Remix.run Logo
simonw 2 hours ago

Here are my notes and pelican benchmark, including a new, harder benchmark because the old one was getting too easy: https://simonwillison.net/2025/Nov/18/gemini-3/

mtrovo an hour ago | parent | next [-]

It's interesting that you mentioned on a recent post that saturation on the pelican benchmark isn't a problem because it's easy to test for generalization. But now looking at your updated benchmark results, I'm not sure I agree. Have the main labs been climbing the Pelican on a bike hill in secret this whole time?

skylurk an hour ago | parent | prev | next [-]

They've been training for months to draw that pelican, just for you to move the goalposts.

Thrymr 39 minutes ago | parent | prev | next [-]

Considering how many other "pelican riding a bicycle" comments there are in this thread, it would be surprising if this was not already incorporated in the training data. If not now, soon.

libraryofbabel an hour ago | parent | prev [-]

I was interested (and slightly disappointed) to read that the knowledge cutoff for Gemini 3 is the same as for Gemini 2.5: January 2025. I wonder why they didn't train it on more recent data.

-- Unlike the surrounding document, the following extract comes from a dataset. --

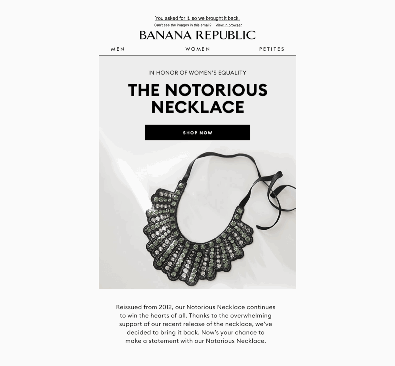 One exception to this rule is when you relaunch a seasonal product. In that case, you’re not saying a product is back in stock, but that a whole category of products is.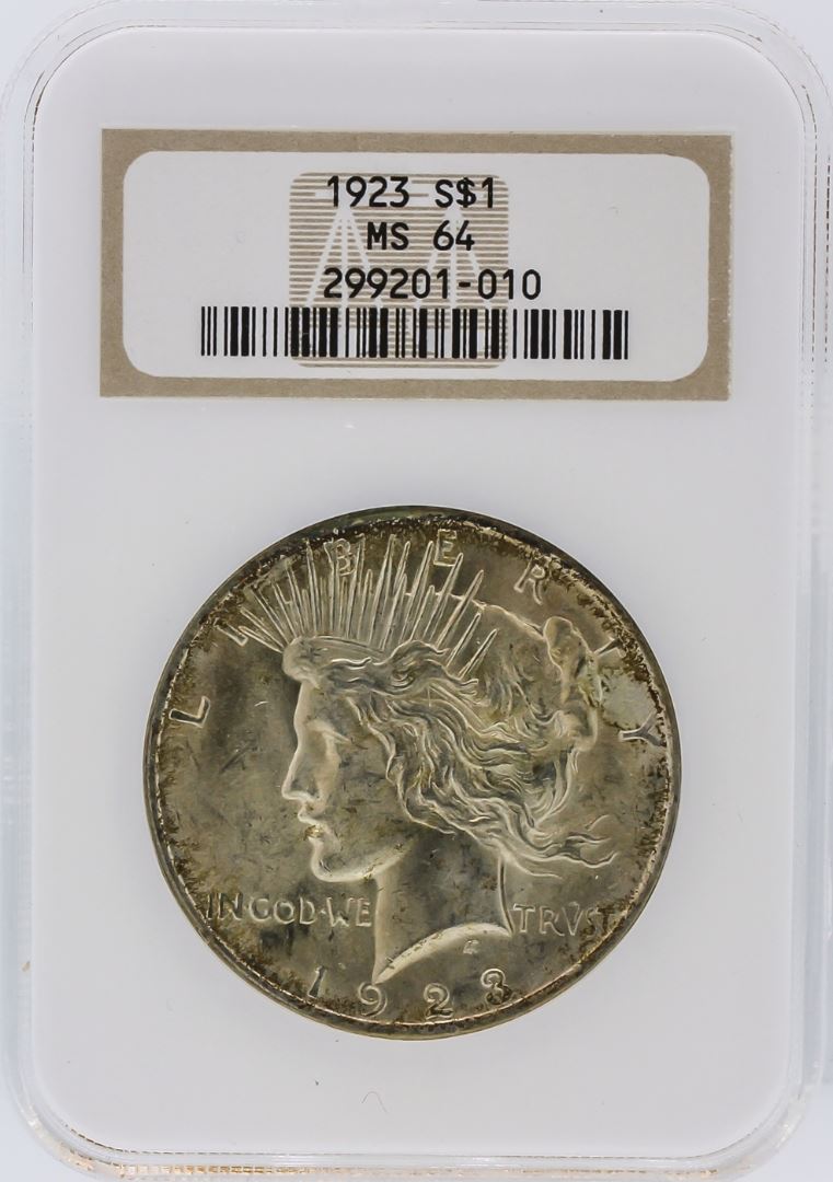 One 1923 NGC MS64 Peace Silver Dollar. NGC Certified.

Is it possible they use the same base pre-trained model and just fine-tuned and RL-ed it better (which, of course, is where all the secret sauce training magic is these days anyhow)? That would be odd, especially for a major version bump, but it's sort of what having the same training cutoff points to?

simonw an hour ago | parent [-]

The model card says: https://storage.googleapis.com/deepmind-media/Model-Cards/Ge...

> This model is not a modification or a fine-tune of a prior model.

I'm curious why they decided not to update the training data cutoff date too.

stocksinsmocks 36 minutes ago | parent [-]

Maybe that date is a rule of thumb for when AI generated content became so widespread that it is likely to have contaminated future data. Given that people have spoofed authentic Reddit users with Markov chains, it probably doesn’t go back nearly far enough.